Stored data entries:
[Start of section]

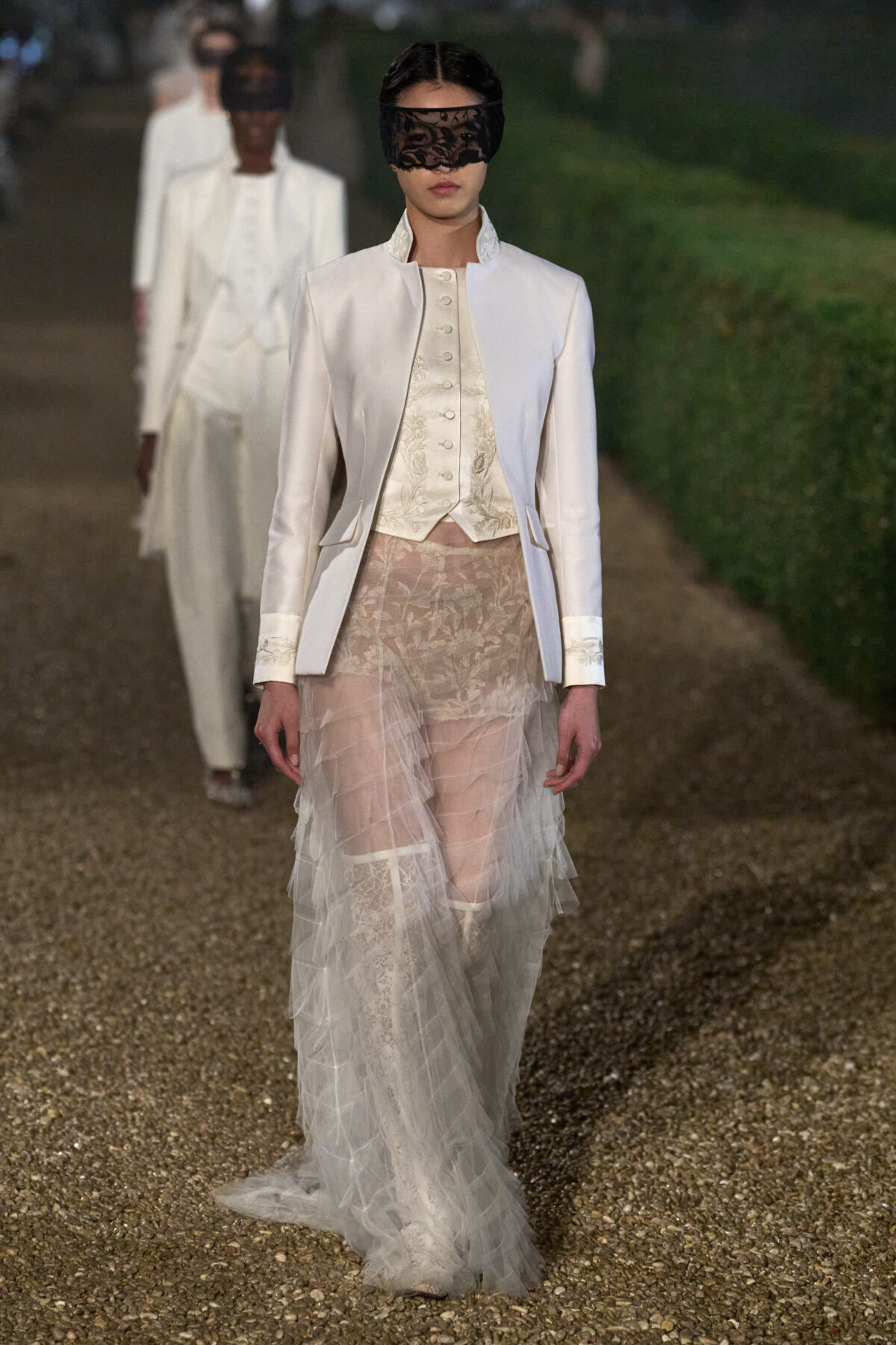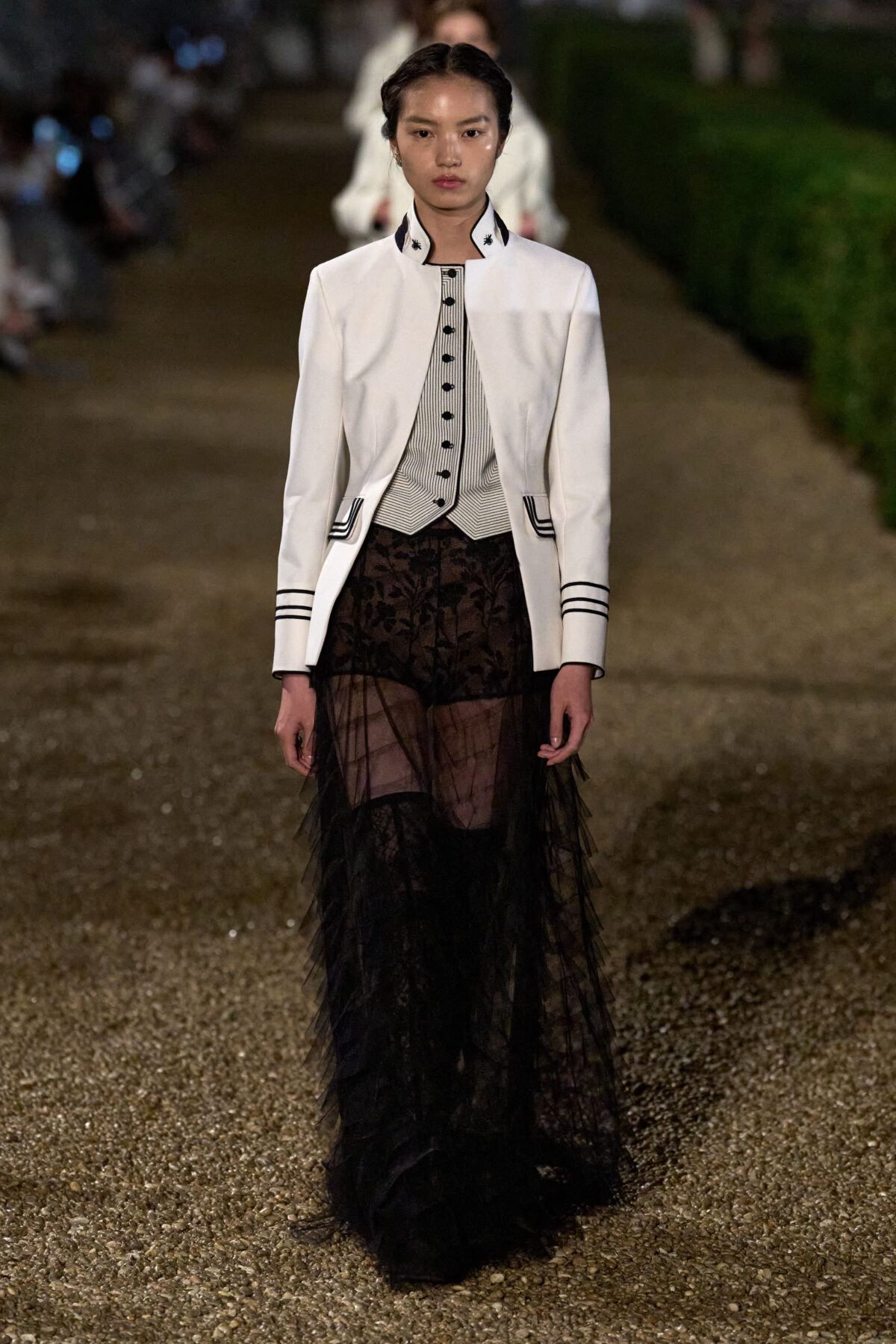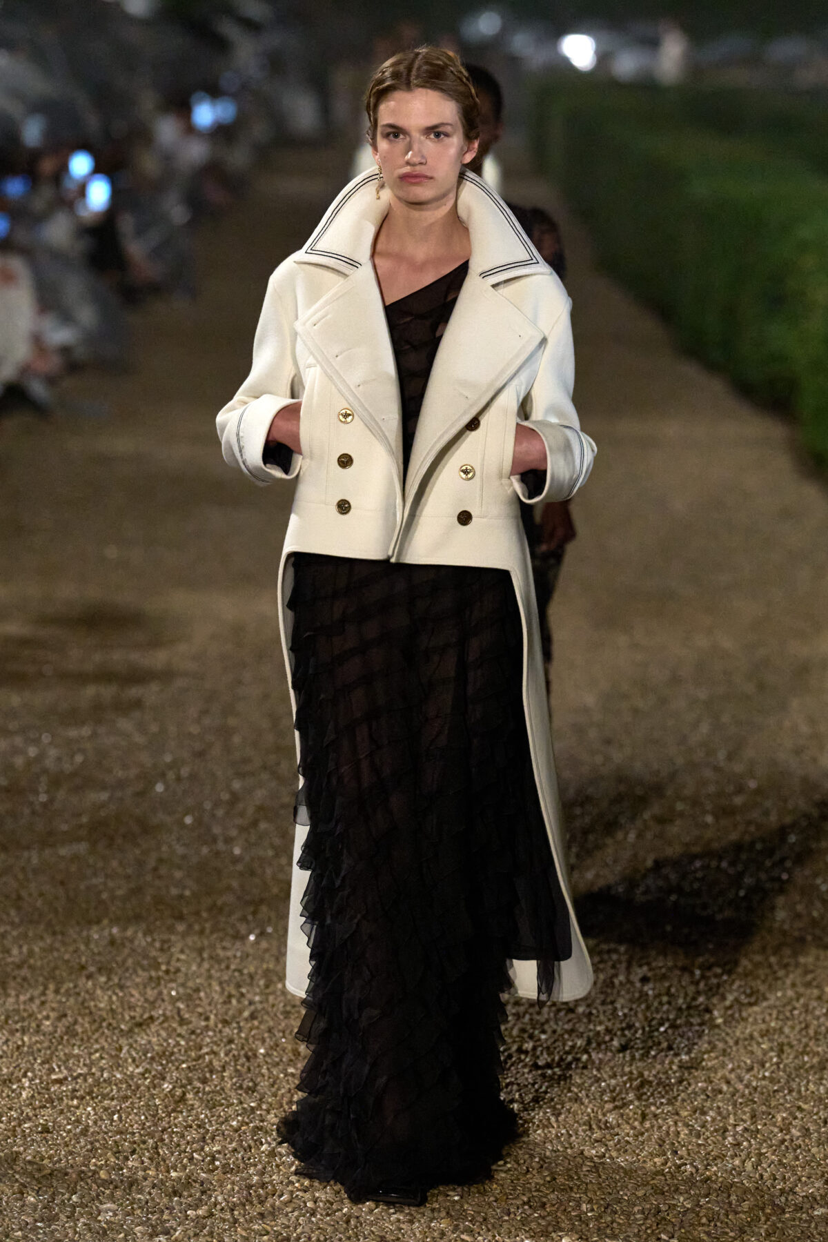 And then, there was her Vatican Conclave moment. It came very obviously in a short, black, red-buttoned cardinal’s coat; and maybe not so obviously, but definitely when you look twice—in the vestment-like white shirts with deep lace hems. As it happens, Chiuri added, her heroine Mimi had a Pope as an uncle. More strange, blurry connections.
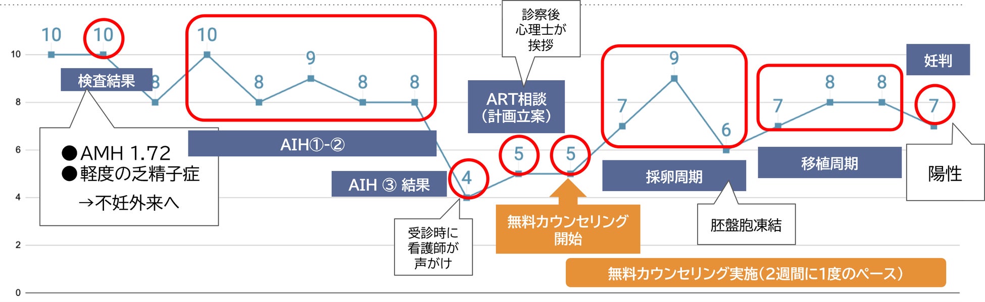 初診時は「不安もなく、元気で安定している」のスコア10と回答し、プレコンセプションケア外来を受診。結果はAMH 1.72と中央値よりやや低下、軽度の乏精子症のみを認めました。2人挙児希望であるため、1人目の妊活を2年→不妊治療→妊娠→出産→授乳までのロードマップの例を提示。各種妊娠方法の妊娠率などを説明。2週間後の不妊外来では心理スコア8とやや不安は感じていたものの、人工授精(AIH:Artificial Insemination of Husband)で妊娠する90%が3〜4回で妊娠するというデータをベースに、まずAIH4回を実施する方針となりました。AIH1回目、2回目を実施する際は心理スコア8-10と安定していました。しかしAIH3回目実施時は心理スコアが4と急低下。医師、看護師が察知し、心理状況のヒアリング、当院に心理士が常駐していることをお伝えし、治療の長期化、就労との両立性の困難の自覚があることを聴取。ART希望を認めたためART説明外来及びカウンセリングパンフレットお渡ししたところ、カウンセリングを希望したため心理士を紹介・挨拶しました。ART周期開始前より心理士による心理介入を開始。心理介入の開始後もスコアは毎回取りますが、その変化に重きはおいていません。2週間に1回程度の頻度で無料カウンセリングを実施し、無事卒業を迎えたケースを挙げさせていただきましたが、本モデルケースのようなタイムラインをたどる患者様は多く、⼀次スクリーニングから適切に⼆次対応に繋げることは大変重要です。
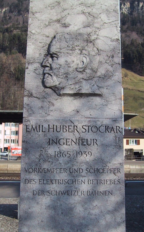EMIL HUBER-STOCKAR ENTWICKELTE UND ERPROBTE VON 1902-1909 AUF DER VERSUCHSSTRECKE SEEBACH-WETTINGEN AUS EIGENER INITIATIVE DIE TECHNISCHEN GRUNDLAGEN DES ELEKTRISCHEN BETRIEBES DER SCHWEIZER BAHNEN / UEBERLEGEN UND MIT ZAEHER ENERGIE PLANTE UND LEITETE ER DIE ELEKTRIFIZIERUNG DER GOTTHARDLINIE UND ANDERER HAUPTSTRECKEN DER BUNDESBAHNEN / SEIN NAME BLEIBT MIT DIESEM GROSSEN WERK DER TECHNIK VERBUNDEN
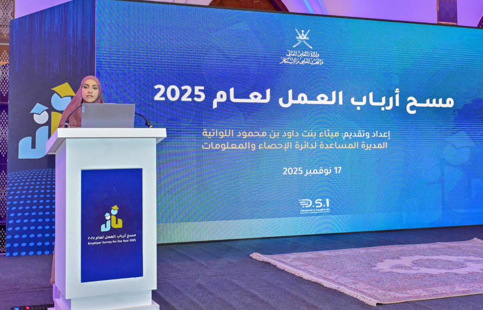 بعدها قدمت ميثاء بنت داود اللواتية المديرة المساعدة لدائرة الإحصاء والمعلومات بالوزارة عرضًا مرئيًا تطرقت فيه إلى نتائج مسح أرباب العمل لعام 2025، موضحةً منهجية العمل والمجتمع والعينة، وأهم المؤشرات المتعلقة بتوظيف مخرجات التعليم العالي في القطاع الخاص.
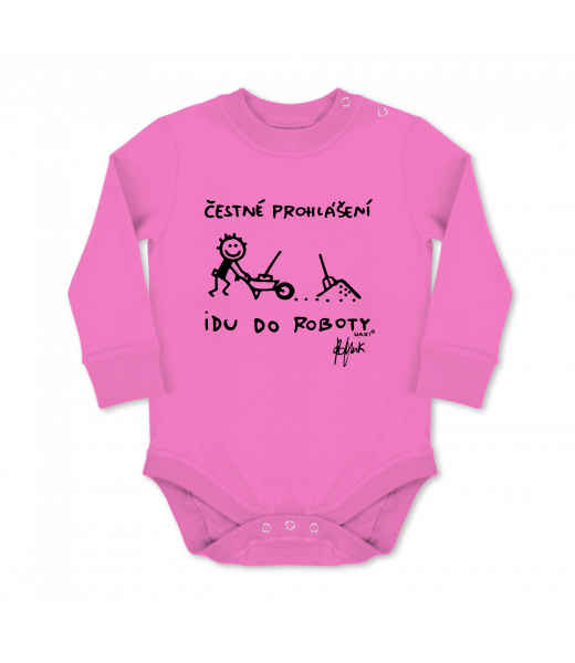 UAX baby body Ski collection for man with design 1303 ČESTNÉ PROHLÁŠENÍ IDU DO ROBOTY in color CLASSIC PINK
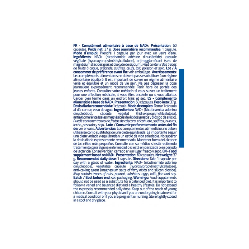 Complemento alimenticio a base de NAD⁺. Presentación: 60 cápsulas. Peso neto: 37 g.Dosis diaria recomendada: 1 cápsula. Modo de empleo: Tomar 1 cápsula al día con un vaso de agua. Ingredientes: NAD⁺ (Nicotinamida adenina dinucleótido), cápsula vegetal (hidroxipropilmetilcelulosa), antiaglomerante (sales magnésicas de ácidos grasos y dióxido de silicio). Puede contener trazas de frutos de cáscara, cacahuete, sulfitos, huevos, leche, pescado y soja. Lote / Consumir preferentemente antes del fin de: ver envase. Advertencias: Los complementos alimenticios no deben utilizarse como sustitutos de una dieta equilibrada. Es importante seguir una dieta variada y equilibrada y un estilo de vida saludable. No superar la dosis diaria expresamente recomendada. Mantener fuera del alcance de los niños más pequeños. Consulte con su médico si está recibiendo tratamiento para alguna enfermedad o si está embarazada o en período de lactancia. Conservar bien cerrado en un lugar fresco y seco.
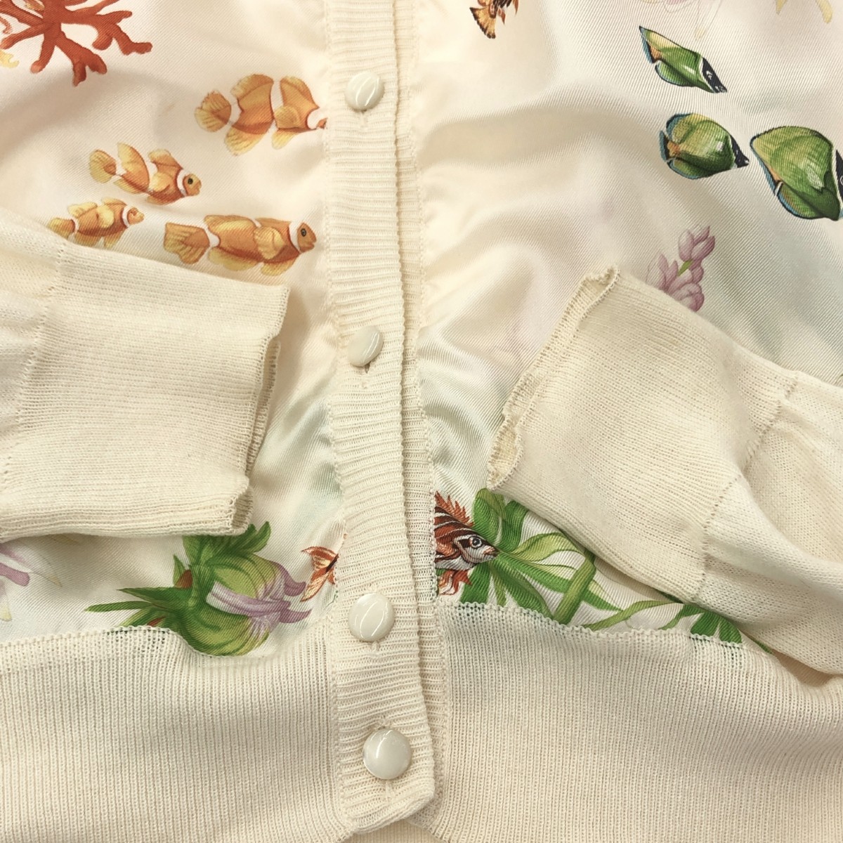 アンサンブルニット コットン×シルク/魚×花柄 ※素材は画像の素材タグをご確認ください。 画像にない場合は素材タグが無く素材不明となります。 |
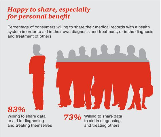 要推广这类数据库,光有医疗系统的努力还不够,消费者必须愿意分享他们的个人信息,才能推动这些新功能的应用。2015年的 HRI调查发现,大多数消费者都愿意与医生(88%)或当地医疗系统(78%)分享其医疗数据,但愿意将信息分享给制药公司的人却大大少于前两者(53%)。另据调查显示,人们更愿意为了自身的诊断和治疗而选择分享个人医疗信息(83%),而愿意因为他人的诊治需要而分享信息的人数则要少于前者(73%)。
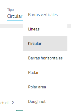 Los gráficos del dashboard pueden mostrarse en distintos formatos de visualización. Cambiar el tipo de gráfico permite adaptar la información al modo en que resulta más clara y útil.
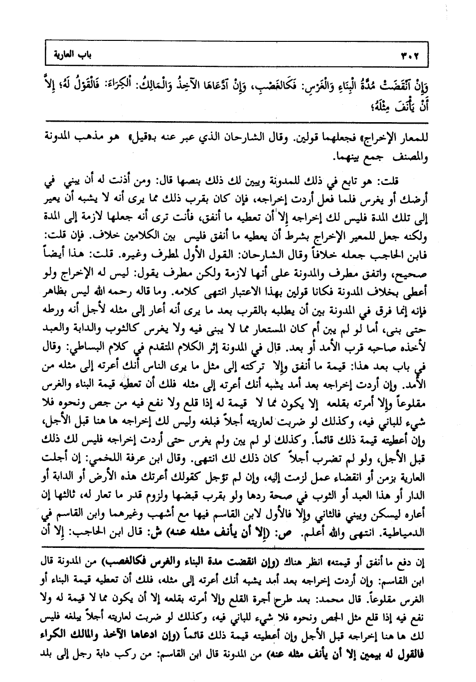قلت: هو تابع في ذلك للمدونة، ويبين لك ذلك بنصها قال: ومن أذنت له أن يبني في أرضك أو يغرس فلما فعل أردت إخراجه فإن كان بقرب ذلك مما يرى أنه لا يشبه أن يعير إلى تلك المدة، فليس لك إخراجه إلا أن تعطيه ما أنفق فأنت ترى أنه جعلها لازمة إلى المدة، ولكنه جعل للمعير الإخراج بشرط أن يعطيه ما أنفق، فليس بين الكلامين خلاف. (فإن قلت): فابن الحاجب جعله خلافا وقال الشارحان: القول الأول لمطرف وغيره قلت: هذا أيضا صحيح، واتفق مطرف والمدونة على أنها لازمة ولكن مطرف يقول: ليس له الإخراج، ولو أعطى بخلاف المدونة فكانا قولين بهذا الاعتبار انتهى كلامه. وما قاله رحمه الله ليس بظاهر، فإنه إنما فرق في المدونة بين أن يطلبه بالقرب بعد ما يرى أنه أعار إلى مثله لأجل أنه ورطه حتى بنى أما لو لم يبن أو كان المستعار مما لا يبنى فيه، ولا يغرس كالثوب والدابة والعبد لأخذه صاحبه قرب الأمد أو بعد قال في المدونة: إثر الكلام المتقدم في كلام البساطي وقال في باب بعد هذا قيمة ما أنفق وإلا تركته إلى مثل ما يرى الناس أنك أعرته إلى مثله من الأمد وإن أردت إخراجه بعد أمد يشبه أنك أعرته إلى مثله فلك أن تعطيه قيمة البناء والغرس مقلوعا، وإلا أمرته بقلعه إلا أن يكون مما لا قيمة له إذا قلع، ولا نفع فيه من جص ونحوه، فلا شيء للباني فيه، وكذلك لو ضربت لعاريته أجلا فبلغه، وليس لك إخراجه ههنا قبل الأجل، وإن أعطيته قيمة ذلك قائما، وكذلك لو لم يبن، ولم يغرس حتى أردت إخراجه، فليس لك ذلك قبل الأجل، ولو لم تضرب أجلا كان ذلك لك انتهى. وقال ابن عرفة اللخمي إن أجلت العارية بزمن أو انقضاء عمل لزمت إليه، وإن لم تؤجل كقولك أعرتك هذه الأرض أو الدابة أو الدار أو هذا العبد أو الثوب في صحة ردها، ولو بقرب قبضها ولزوم قدر ما تعار له ثالثها إن أعاره ليسكن، ويبني، فالثاني وإلا، فالأول لابن القاسم فيها مع أشهب وغيرهما وابن القاسم في الدمياطية انتهى والله أعلم ص: (إلا أن يأنف مثله عنه) ش: قال ابن الحاجب إلا أن

[End of section]

• _WHAT YOU NEED TO DO_:
Please copy every record above exactly, but leave the pictures out.

• _TASK ANSWER_:
 And then, there was her Vatican Conclave moment. It came very obviously in a short, black, red-buttoned cardinal’s coat; and maybe not so obviously, but definitely when you look twice—in the vestment-like white shirts with deep lace hems. As it happens, Chiuri added, her heroine Mimi had a Pope as an uncle. More strange, blurry connections.
 初診時は「不安もなく、元気で安定している」のスコア10と回答し、プレコンセプションケア外来を受診。結果はAMH 1.72と中央値よりやや低下、軽度の乏精子症のみを認めました。2人挙児希望であるため、1人目の妊活を2年→不妊治療→妊娠→出産→授乳までのロードマップの例を提示。各種妊娠方法の妊娠率などを説明。2週間後の不妊外来では心理スコア8とやや不安は感じていたものの、人工授精(AIH:Artificial Insemination of Husband)で妊娠する90%が3〜4回で妊娠するというデータをベースに、まずAIH4回を実施する方針となりました。AIH1回目、2回目を実施する際は心理スコア8-10と安定していました。しかしAIH3回目実施時は心理スコアが4と急低下。医師、看護師が察知し、心理状況のヒアリング、当院に心理士が常駐していることをお伝えし、治療の長期化、就労との両立性の困難の自覚があることを聴取。ART希望を認めたためART説明外来及びカウンセリングパンフレットお渡ししたところ、カウンセリングを希望したため心理士を紹介・挨拶しました。ART周期開始前より心理士による心理介入を開始。心理介入の開始後もスコアは毎回取りますが、その変化に重きはおいていません。2週間に1回程度の頻度で無料カウンセリングを実施し、無事卒業を迎えたケースを挙げさせていただきましたが、本モデルケースのようなタイムラインをたどる患者様は多く、⼀次スクリーニングから適切に⼆次対応に繋げることは大変重要です。
EMIL HUBER-STOCKAR ENTWICKELTE UND ERPROBTE VON 1902-1909 AUF DER VERSUCHSSTRECKE SEEBACH-WETTINGEN AUS EIGENER INITIATIVE DIE TECHNISCHEN GRUNDLAGEN DES ELEKTRISCHEN BETRIEBES DER SCHWEIZER BAHNEN / UEBERLEGEN UND MIT ZAEHER ENERGIE PLANTE UND LEITETE ER DIE ELEKTRIFIZIERUNG DER GOTTHARDLINIE UND ANDERER HAUPTSTRECKEN DER BUNDESBAHNEN / SEIN NAME BLEIBT MIT DIESEM GROSSEN WERK DER TECHNIK VERBUNDEN
 بعدها قدمت ميثاء بنت داود اللواتية المديرة المساعدة لدائرة الإحصاء والمعلومات بالوزارة عرضًا مرئيًا تطرقت فيه إلى نتائج مسح أرباب العمل لعام 2025، موضحةً منهجية العمل والمجتمع والعينة، وأهم المؤشرات المتعلقة بتوظيف مخرجات التعليم العالي في القطاع الخاص.
 UAX baby body Ski collection for man with design 1303 ČESTNÉ PROHLÁŠENÍ IDU DO ROBOTY in color CLASSIC PINK
 Complemento alimenticio a base de NAD⁺. Presentación: 60 cápsulas. Peso neto: 37 g.Dosis diaria recomendada: 1 cápsula. Modo de empleo: Tomar 1 cápsula al día con un vaso de agua. Ingredientes: NAD⁺ (Nicotinamida adenina dinucleótido), cápsula vegetal (hidroxipropilmetilcelulosa), antiaglomerante (sales magnésicas de ácidos grasos y dióxido de silicio). Puede contener trazas de frutos de cáscara, cacahuete, sulfitos, huevos, leche, pescado y soja. Lote / Consumir preferentemente antes del fin de: ver envase. Advertencias: Los complementos alimenticios no deben utilizarse como sustitutos de una dieta equilibrada. Es importante seguir una dieta variada y equilibrada y un estilo de vida saludable. No superar la dosis diaria expresamente recomendada. Mantener fuera del alcance de los niños más pequeños. Consulte con su médico si está recibiendo tratamiento para alguna enfermedad o si está embarazada o en período de lactancia. Conservar bien cerrado en un lugar fresco y seco.
 アンサンブルニット コットン×シルク/魚×花柄 ※素材は画像の素材タグをご確認ください。 画像にない場合は素材タグが無く素材不明となります。 |
 要推广这类数据库,光有医疗系统的努力还不够,消费者必须愿意分享他们的个人信息,才能推动这些新功能的应用。2015年的 HRI调查发现,大多数消费者都愿意与医生(88%)或当地医疗系统(78%)分享其医疗数据,但愿意将信息分享给制药公司的人却大大少于前两者(53%)。另据调查显示,人们更愿意为了自身的诊断和治疗而选择分享个人医疗信息(83%),而愿意因为他人的诊治需要而分享信息的人数则要少于前者(73%)。
 Los gráficos del dashboard pueden mostrarse en distintos formatos de visualización. Cambiar el tipo de gráfico permite adaptar la información al modo en que resulta más clara y útil.
قلت: هو تابع في ذلك للمدونة، ويبين لك ذلك بنصها قال: ومن أذنت له أن يبني في أرضك أو يغرس فلما فعل أردت إخراجه فإن كان بقرب ذلك مما يرى أنه لا يشبه أن يعير إلى تلك المدة، فليس لك إخراجه إلا أن تعطيه ما أنفق فأنت ترى أنه جعلها لازمة إلى المدة، ولكنه جعل للمعير الإخراج بشرط أن يعطيه ما أنفق، فليس بين الكلامين خلاف. (فإن قلت): فابن الحاجب جعله خلافا وقال الشارحان: القول الأول لمطرف وغيره قلت: هذا أيضا صحيح، واتفق مطرف والمدونة على أنها لازمة ولكن مطرف يقول: ليس له الإخراج، ولو أعطى بخلاف المدونة فكانا قولين بهذا الاعتبار انتهى كلامه. وما قاله رحمه الله ليس بظاهر، فإنه إنما فرق في المدونة بين أن يطلبه بالقرب بعد ما يرى أنه أعار إلى مثله لأجل أنه ورطه حتى بنى أما لو لم يبن أو كان المستعار مما لا يبنى فيه، ولا يغرس كالثوب والدابة والعبد لأخذه صاحبه قرب الأمد أو بعد قال في المدونة: إثر الكلام المتقدم في كلام البساطي وقال في باب بعد هذا قيمة ما أنفق وإلا تركته إلى مثل ما يرى الناس أنك أعرته إلى مثله من الأمد وإن أردت إخراجه بعد أمد يشبه أنك أعرته إلى مثله فلك أن تعطيه قيمة البناء والغرس مقلوعا، وإلا أمرته بقلعه إلا أن يكون مما لا قيمة له إذا قلع، ولا نفع فيه من جص ونحوه، فلا شيء للباني فيه، وكذلك لو ضربت لعاريته أجلا فبلغه، وليس لك إخراجه ههنا قبل الأجل، وإن أعطيته قيمة ذلك قائما، وكذلك لو لم يبن، ولم يغرس حتى أردت إخراجه، فليس لك ذلك قبل الأجل، ولو لم تضرب أجلا كان ذلك لك انتهى. وقال ابن عرفة اللخمي إن أجلت العارية بزمن أو انقضاء عمل لزمت إليه، وإن لم تؤجل كقولك أعرتك هذه الأرض أو الدابة أو الدار أو هذا العبد أو الثوب في صحة ردها، ولو بقرب قبضها ولزوم قدر ما تعار له ثالثها إن أعاره ليسكن، ويبني، فالثاني وإلا، فالأول لابن القاسم فيها مع أشهب وغيرهما وابن القاسم في الدمياطية انتهى والله أعلم ص: (إلا أن يأنف مثله عنه) ش: قال ابن الحاجب إلا أن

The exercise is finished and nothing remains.